> Your instructions: Everything in the listing below should be repeated exactly, apart from the pictures.

> Supplied material:
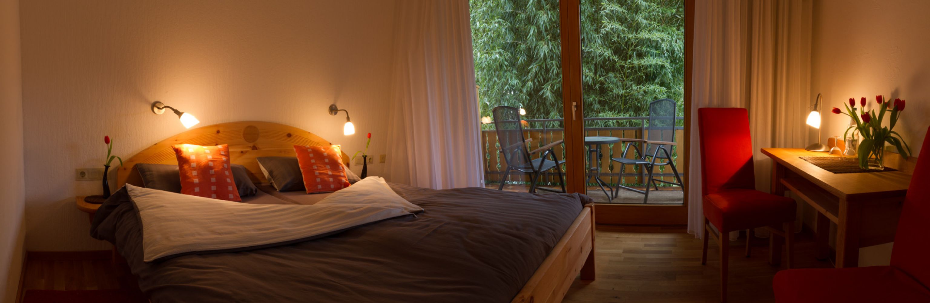 Ö–kologischer Ausbau der Zimmer mit Parkettboden, Wandfarben auf mineralischer Basis. Bettwaren und Handtücher aus Biobaumwolle aus ökologischer Erzeugung. Die Zimmer verfügen alle über Dusche / WC
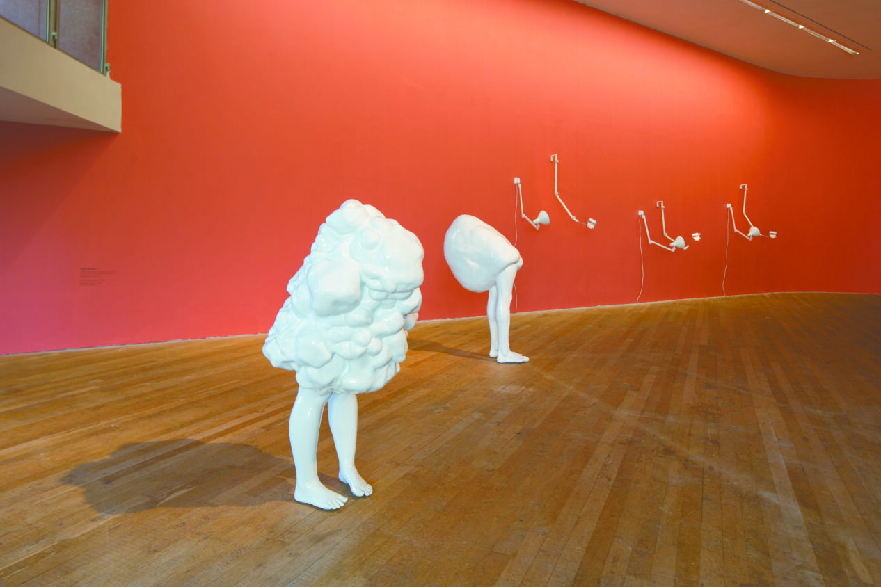 A flesh pink wall forms the backdrop to Siobhan McGibbon’s The cell that consumed me (2014). The work comprises three minimal wall-hung lamps and three mechanical hands, each holding a Viewmaster – a device for viewing slides that simulates binocular depth perception. McGibbon has replaced the film slides with cartoonish drawings depicting bodies merging with trolley legs and bulging, blobby, fleshy growths. Venous Malformation (2012) and Proteus Syndrome (2012) are figures created from fiberglass resin painted an immaculate shiny white; realistic and life-size from feet to above knees, they then meld into bulbous, tumorous blobs. The statues’ pristine material seems at odds with the mutation depicted, exaggerating their grotesqueness. These works embody many of the themes and practices that run through the show: art as research laboratory, interdisciplinary crossover, close looking as a tool for acquiring knowledge, the processed versus the raw, a blending of the alluring and the repulsive.
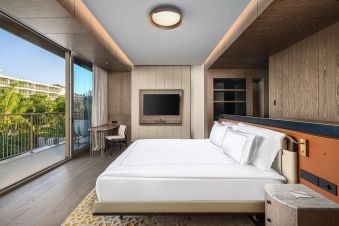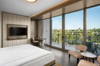 Bayou Villa 1 Bedroom - С площ от 246 м2, вила с единична спалня се състои от вътрешна площ от 109 м2 с всекидневна, спалня, 2 бани и частна градина от 137 м2, включваща отопляем частен басейн от 25 м² с морска вода, тераса с шезлонг, маса за хранене и градински мебели и място за слънчеви бани и почивка. Излиза се и към басейна лагуна с прясна вода.
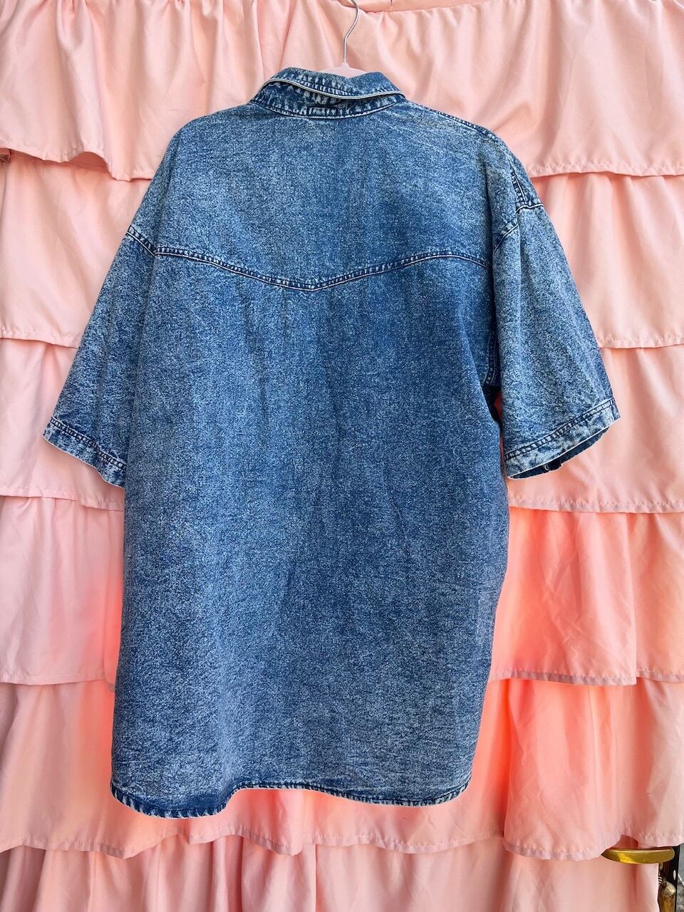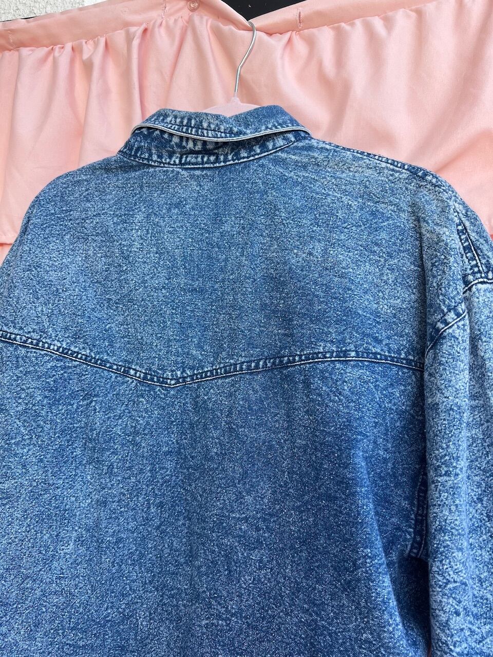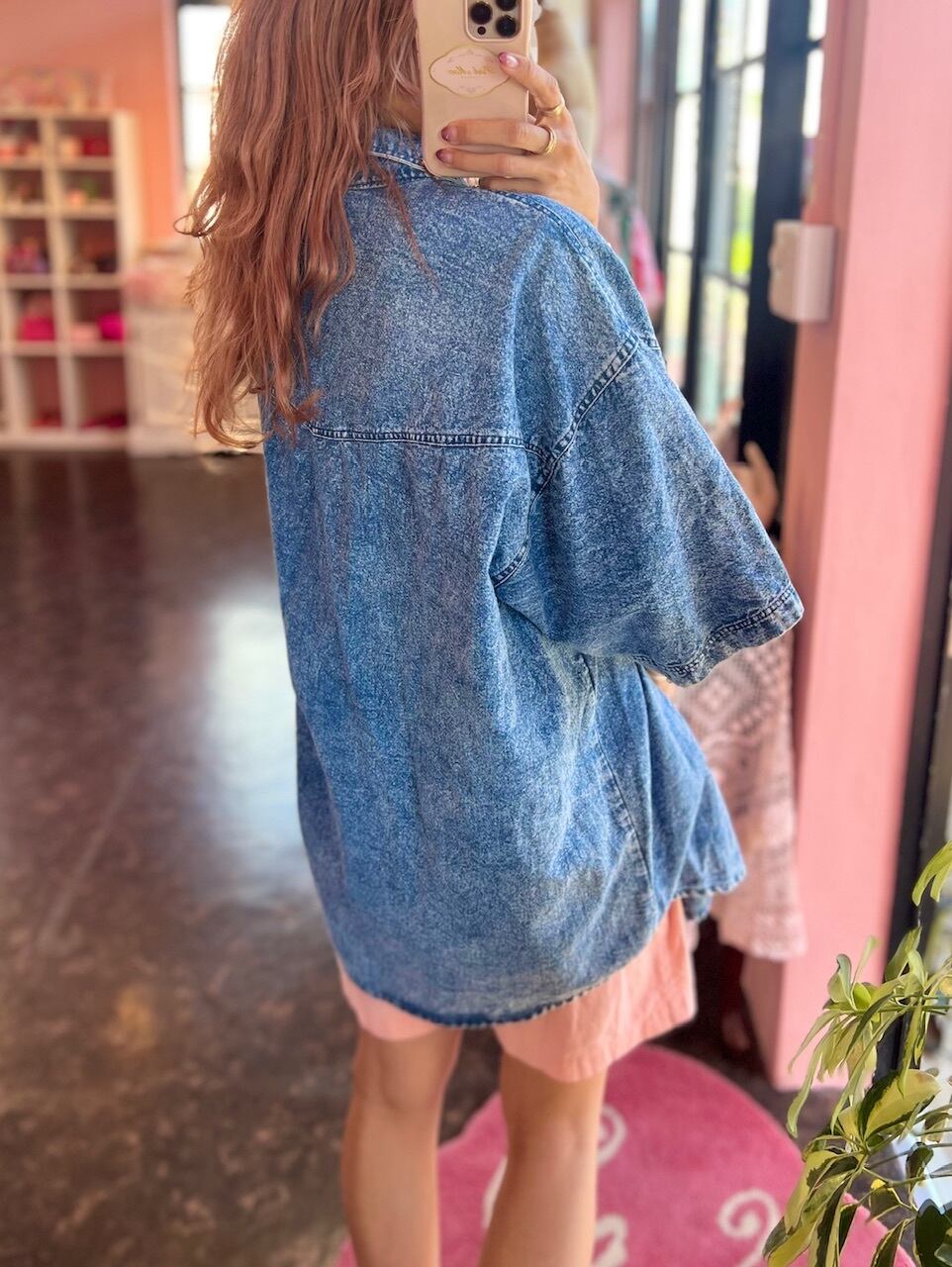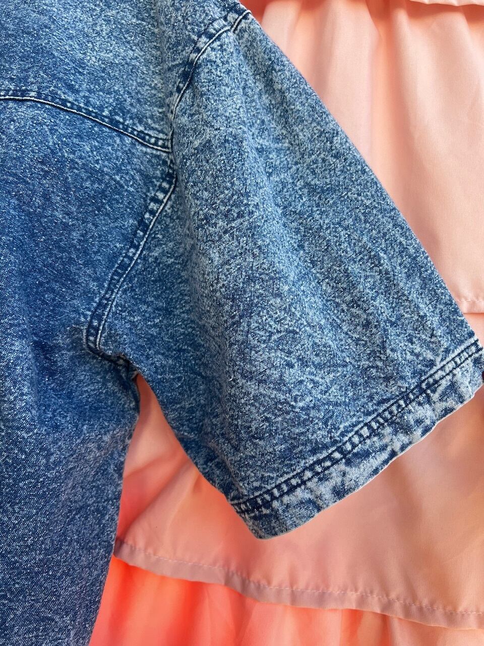 パールでできたお花の模様と、植物柄の刺繍が素敵なケミカルデニムシャツ♡

> Solution for this task:
 Ö–kologischer Ausbau der Zimmer mit Parkettboden, Wandfarben auf mineralischer Basis. Bettwaren und Handtücher aus Biobaumwolle aus ökologischer Erzeugung. Die Zimmer verfügen alle über Dusche / WC
 A flesh pink wall forms the backdrop to Siobhan McGibbon’s The cell that consumed me (2014). The work comprises three minimal wall-hung lamps and three mechanical hands, each holding a Viewmaster – a device for viewing slides that simulates binocular depth perception. McGibbon has replaced the film slides with cartoonish drawings depicting bodies merging with trolley legs and bulging, blobby, fleshy growths. Venous Malformation (2012) and Proteus Syndrome (2012) are figures created from fiberglass resin painted an immaculate shiny white; realistic and life-size from feet to above knees, they then meld into bulbous, tumorous blobs. The statues’ pristine material seems at odds with the mutation depicted, exaggerating their grotesqueness. These works embody many of the themes and practices that run through the show: art as research laboratory, interdisciplinary crossover, close looking as a tool for acquiring knowledge, the processed versus the raw, a blending of the alluring and the repulsive.
 Bayou Villa 1 Bedroom - С площ от 246 м2, вила с единична спалня се състои от вътрешна площ от 109 м2 с всекидневна, спалня, 2 бани и частна градина от 137 м2, включваща отопляем частен басейн от 25 м² с морска вода, тераса с шезлонг, маса за хранене и градински мебели и място за слънчеви бани и почивка. Излиза се и към басейна лагуна с прясна вода.
 パールでできたお花の模様と、植物柄の刺繍が素敵なケミカルデニムシャツ♡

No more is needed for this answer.